= Van Noy Railway News and Hotel Company =

The Van Noy Railway News and Hotel Company, known today as HMSHost, was a business founded by the Van Noy Brothers of Kansas City, Missouri, which developed at the beginning of the twentieth century to provide services to travelers aboard passenger trains. At a time when most passenger trains carried neither dining cars nor lounge cars, private businessmen such as the Van Noys recognized a profit opportunity by operating eating houses at railroad junction points and selling snacks and novelties aboard the trains.

==History==

Meal ticket issued to employee of Missouri Pacific Railway, authorizing purchase of meals at special discounted "railroad rate" of thirty five cents, at all Van Noy dining rooms located along the Missouri Pacific and Iron Mountain Railways.

In 1893, Ira Clinton Van Noy formed a retail cigar and news business at No. 1076 Union Avenue, in Kansas City, Missouri. Four years later, on July 26, 1897, he joined with two of his brothers, Charles S. Van Noy and J.L. Van Noy, along with G.W. Krebs of St. Louis, to incorporate the Van Noy Railroad News Company. Railroad 'news services' generally sold magazines, newspapers, books, tobacco products, fruits, nuts, and novelties from newsstands located in train stations and by the use of a 'news butch', a young man who walked through the train making sales.
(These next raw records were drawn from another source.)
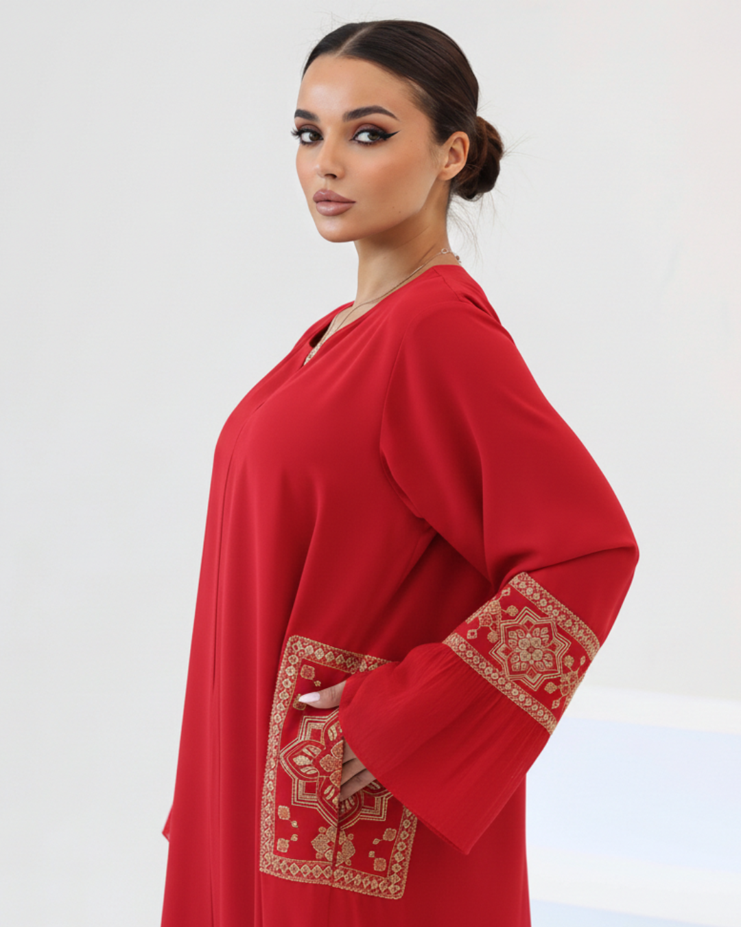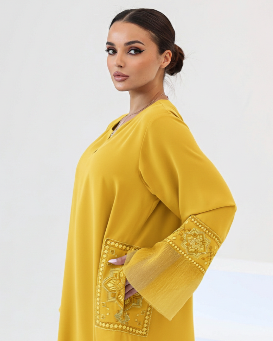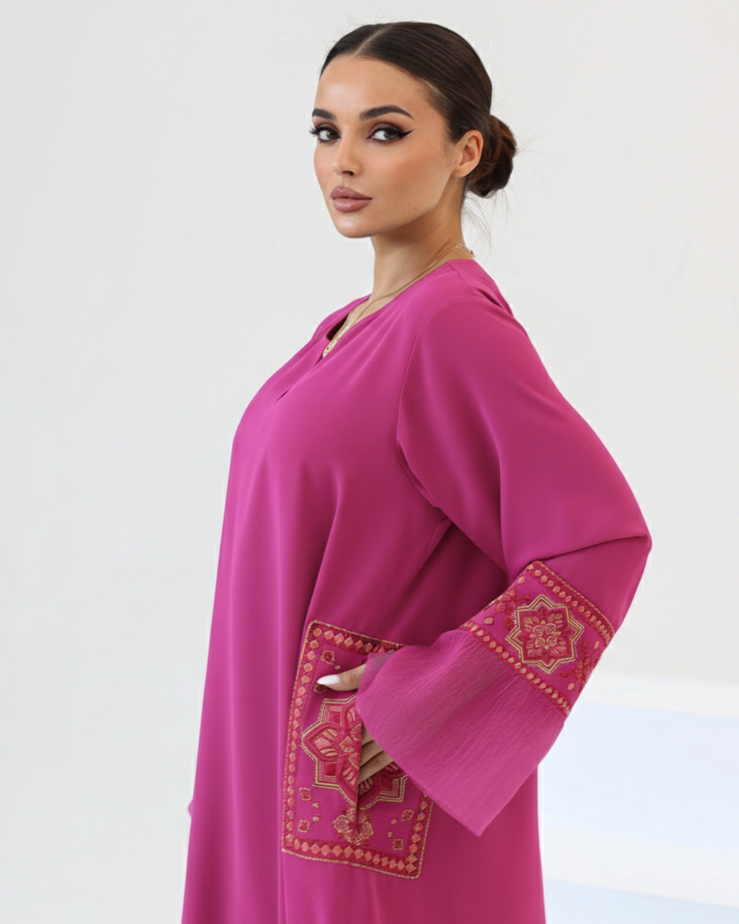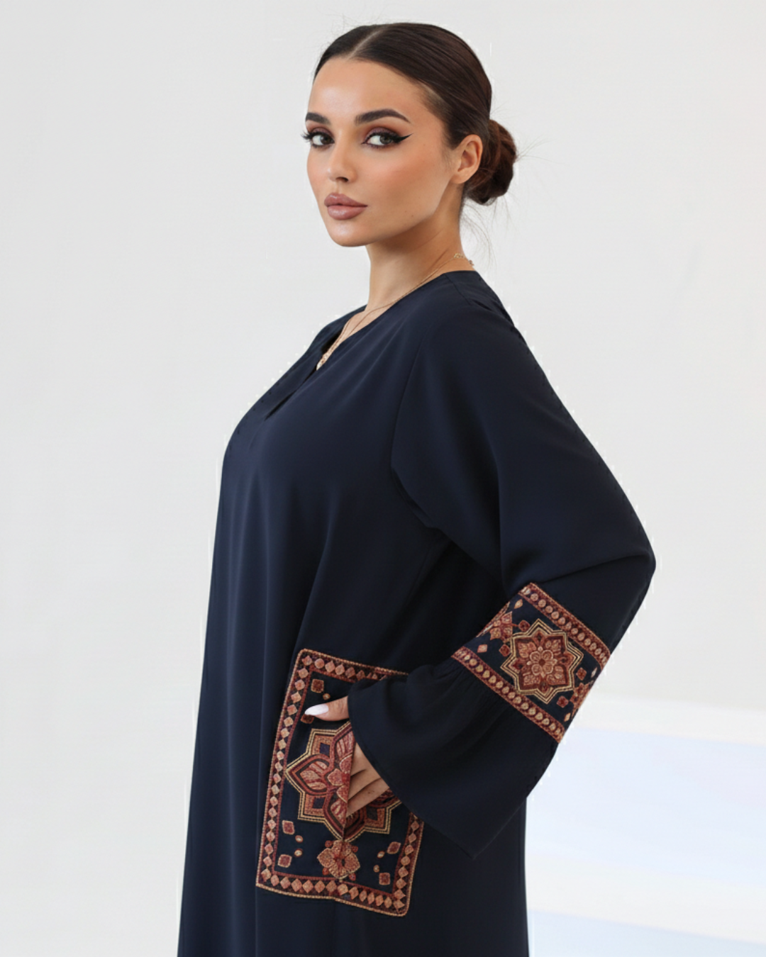 The defining feature of Grace is the meticulous silk thread embroidery that adorns the sleeves and pockets. This rich texture is further enhanced by a delicate hand-applied touch of beads and sequins, adding a shimmering depth that catches the light with every movement. Whether you are attending a daytime social or an evening celebration, this Jalabiya offers a regal look that never goes unnoticed.
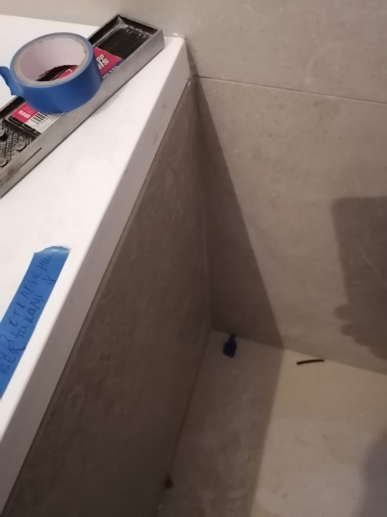 Зашивка ванной еще имеет отклонения в горизонтальной плоскости. С одной стороны ванной экран завели под ванну, а с другой (со стороны смесителя) выступает за плоскость ванной. Кроме нарушения геометрии, это приведет к постоянному попаданию воды и разрушению слоя основания. Со слов владельца квартиры в качестве основания применили обычный не влагостойкий гипсокартон, что также недопустимо в помещениях с влажным процессом.
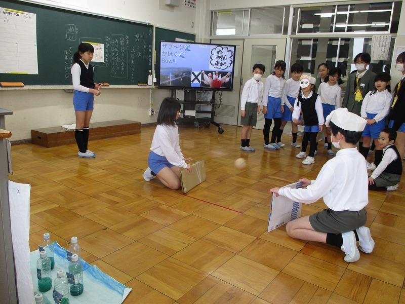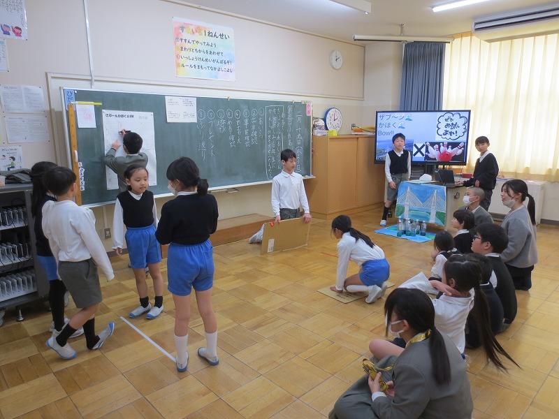 2月19日、4年生がこれまで総合の時間に準備を進めてきたゆるスポーツ「ざぶーんかほくBOW」の発表を行いました。
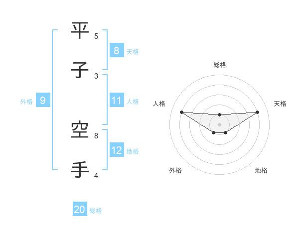 平子 空手さんの総格は20画の1点!
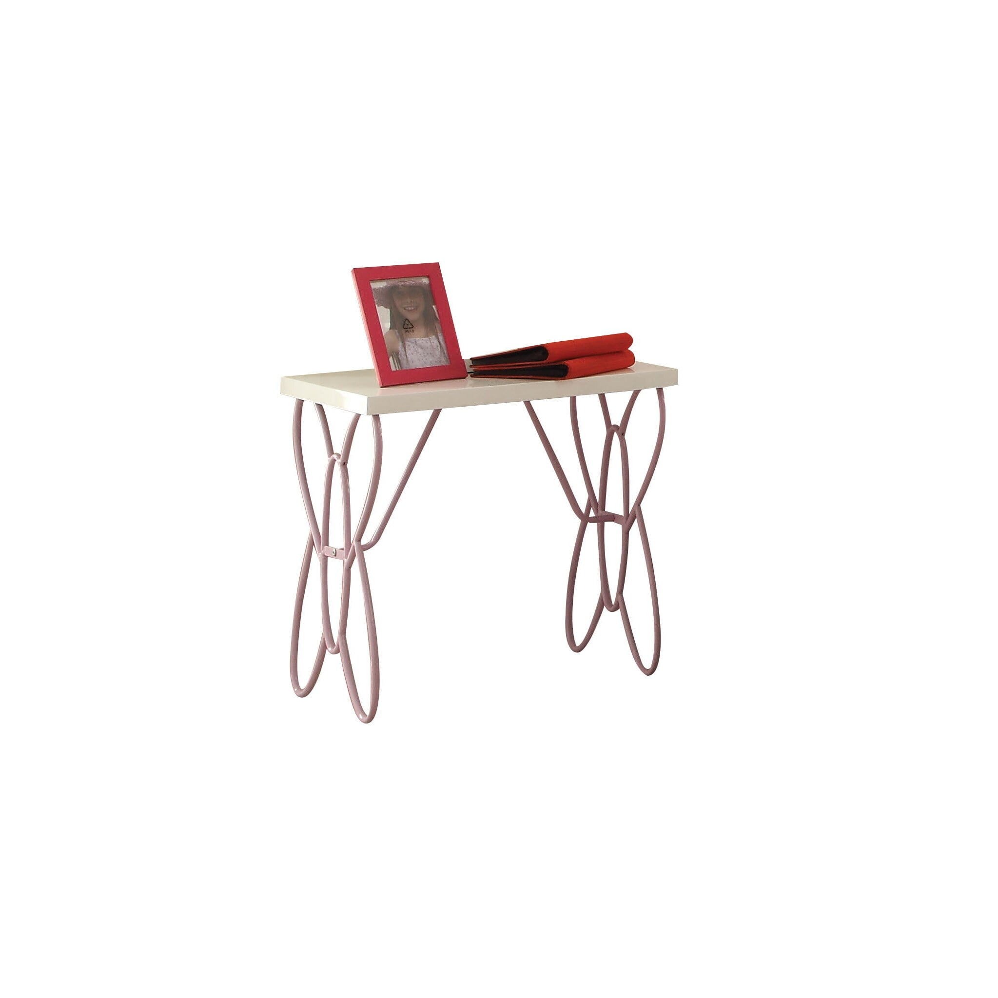 Finish: White & Light Purple Material: MDF, High Gloss Finish, Metal Tube Top: MDF with White High Gloss Finish Base: 2 Metal Panels w/Butterfly Design Metal Tube: Purple Powder Coating No Drawer
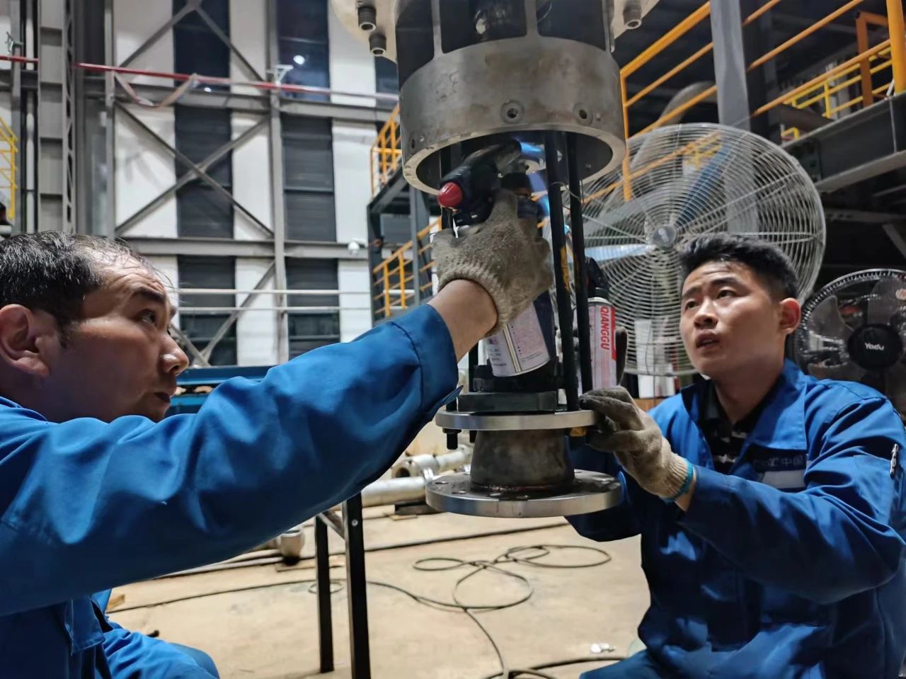 七二五所——雙瑞精鑄鈦板帶車間的師傅們正頂著酷暑進(jìn)行修復(fù)裝配面工作。
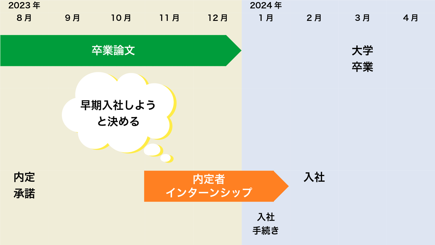 そうですね、基本的な動機は一緒です。あと、2024年4月入社が約30名いると聞いていたので、一斉に入社したら覚えてもらえないなって思ったんです。「みんなで一斉に」「よーいドン!」に合わせるのが苦手なんですよね(笑)だから、先にスタートできるならしちゃおうって思いました。
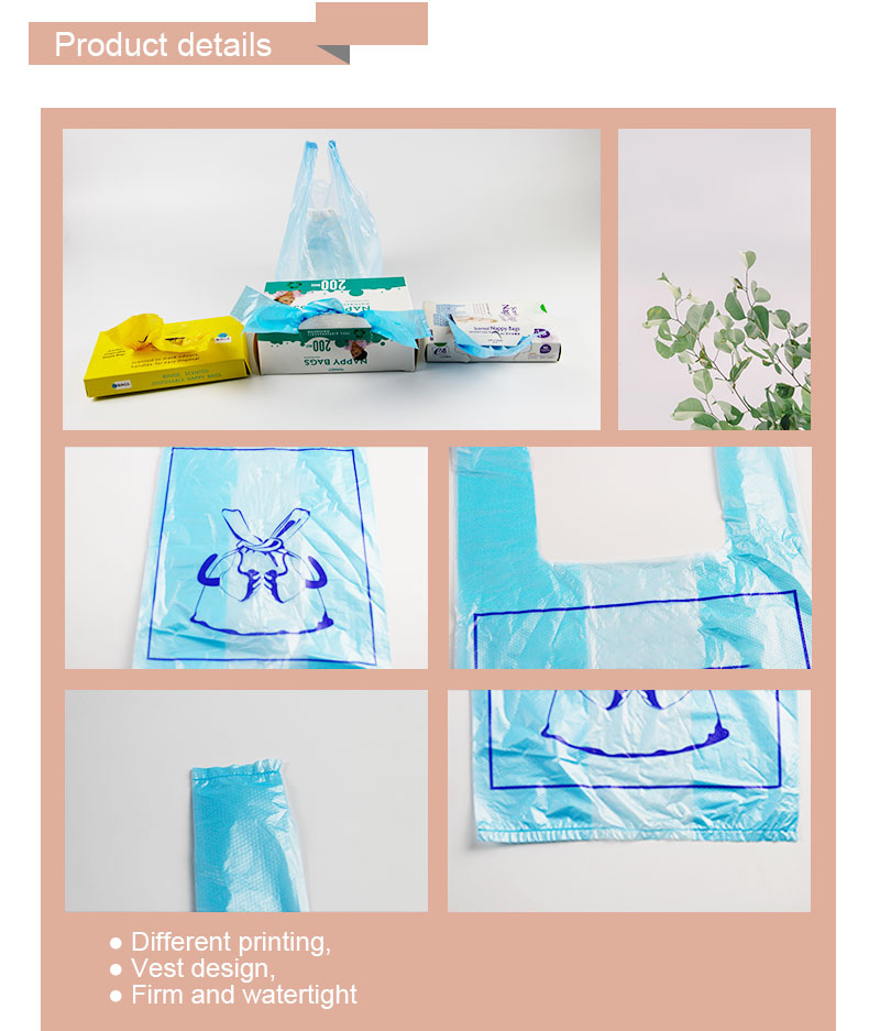 The baby poop garbage bag can help your baby go to the toilet for training. There are various styles, drawstring style, vest style, and rubber band lock style, which can add absorbent pads. Convenient and practical, welcome to inquire.
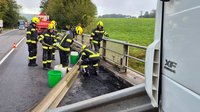 Aufgrund eines heftigen Bremsmanövers verlor der Fahrer eines LKW die Kontrolle über sein Fahrzeug und kam rechts von der Fahrbahn ab, wo er schließlich gegen ein Brückengeländer prallte. Durch den heftigen Aufprall bohrten sich Teile des Geländers in die Front des Fahrzeuges.
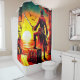 Ce rideau de douche a un pirate dessus.
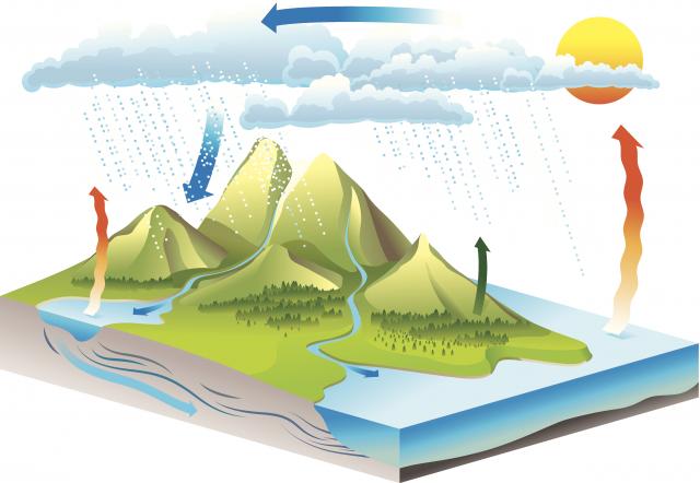 Develop a model to describe the cycling of water through Earth's systems driven by energy from the sun and the force of gravity.
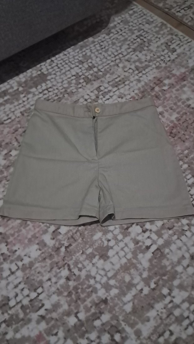 Bej renk, rahat kesim mini şort, yumuşak sentetik kumaştan üretilmiş, günlük sokak stili için uygun, zahmetsiz şıklık sunar.
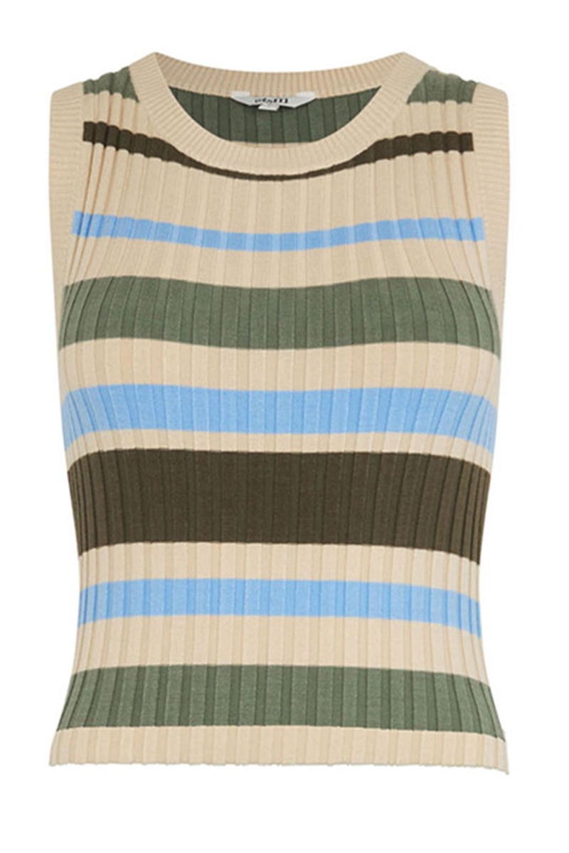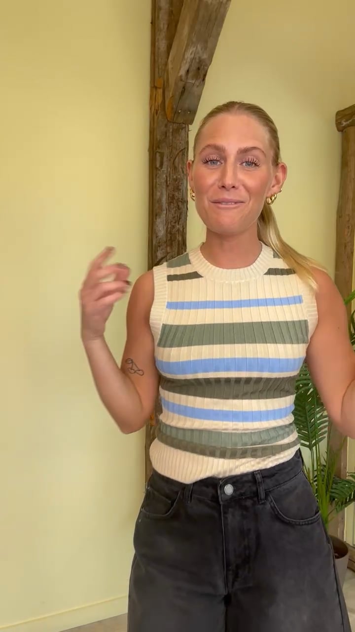 En sej top fra mbyM i den blødeste kvalitet er kommet med striber i forakellige frave. Den er i en rib kvalitet som gør at den er tætsiddende med uden at den strammer. Derudover er den fin til hverdag til et par simple jeans.
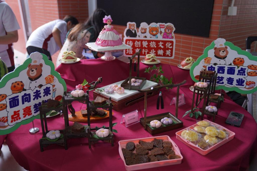 活动现场,丰富多彩的非遗项目令人目不暇接。从精巧绝伦的传统手工艺展示,到韵味十足的民俗表演,每一个环节都吸引着同学们的目光。而在众多展区中,酒店管理学院的摊位更是人气爆棚。独具匠心的非遗主题美食作品陈列其中,将岭南文化元素与烹饪技艺完美融合,引得师生们纷纷驻足围观,拍照打卡、品尝交流,现场热闹非凡。
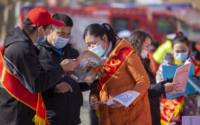 2021年12月4日上午,洛浦縣科技局工作人員在該縣艾德萊斯廣場,正在向當地居民進行講解“科普知識”。買買提艾力·艾尼瓦爾攝
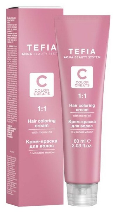 Tefia Color Creats крем-краска для волос Hair Coloring Cream with Monoi Oil, Т 10.21 Тонер ваниль, 60 мл

As the business flourished, the Van Noy brothers became prominent members of local Kansas City society. I.C. Van Noy, the eldest brother, served as president of the company, and the youngest brother, Henry Clay Van Noy, also joined the company when he came of age.

The Van Noy Railroad News Company grew rapidly after securing large contracts with Missouri Pacific Railway and its subsidiary, the St. Louis, Iron Mountain and Southern Railway. In the era before dining cars were carried on trains, Van Noy eating houses were established at points along the 7500 mi Missouri Pacific system to feed passengers. Later, at important terminals and train crew division points, Van Noy hotels were constructed to house both travelers and railroad train crews laying over between trips. Reflecting the success of the company, in 1909 both I.C. Van Noy and C.S. Van Noy constructed large homes at 6700-6800 Elmwood in Kansas City. The two homes were added the National Register of Historic Places in 1987.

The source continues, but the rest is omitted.